TASK STATEMENT —
What follows is a listing to transcribe exactly, leaving the pictures out.

EXTRACTED INFORMATION —
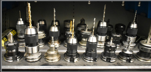
Partial view of tooling and accessories available
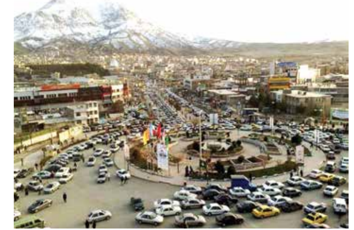
An overview of Baneh

Surin Plain is located in the Nanour district of Baneh, next to a village with the same name.
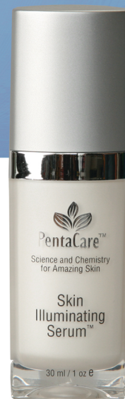
(350) 30 ml.
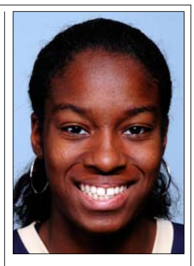
Career Highs Points Career....14 at Bowling Green (12/5/07)

Rebounds Career.... 8, three times (MR: vs. St. Francis, 12/29/07)

WRITTEN ANSWER —
Partial view of tooling and accessories available
An overview of Baneh

Surin Plain is located in the Nanour district of Baneh, next to a village with the same name.
(350) 30 ml.
Career Highs Points Career....14 at Bowling Green (12/5/07)

Rebounds Career.... 8, three times (MR: vs. St. Francis, 12/29/07)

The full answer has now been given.